Task to complete:
What is needed is the exact text of each line in the listing below from the one with "풀죽을 끓인 다음 차게 식혀둡니다." up to and including the one with "歩道一面がナンキンハゼのカラフルな落葉で覆われていました。", and no pictures.
___ Excerpted records
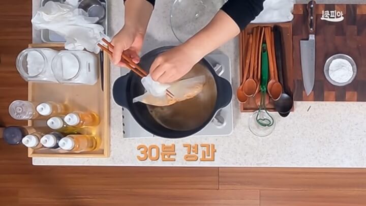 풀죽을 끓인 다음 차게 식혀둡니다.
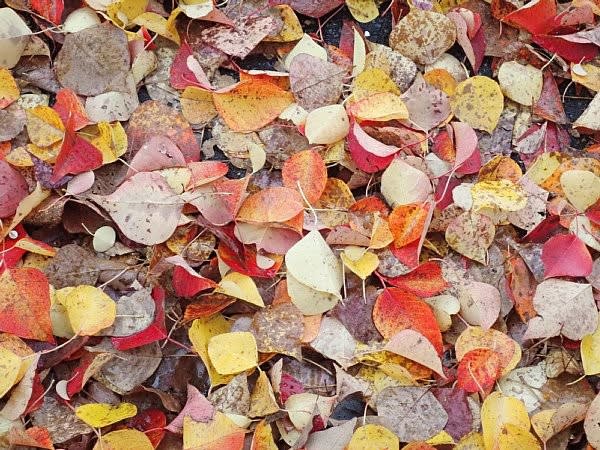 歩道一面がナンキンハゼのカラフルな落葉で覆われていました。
______
___ Excerpted records
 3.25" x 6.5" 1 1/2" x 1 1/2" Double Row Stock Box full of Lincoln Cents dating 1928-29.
______
Task output:
 풀죽을 끓인 다음 차게 식혀둡니다.
 歩道一面がナンキンハゼのカラフルな落葉で覆われていました。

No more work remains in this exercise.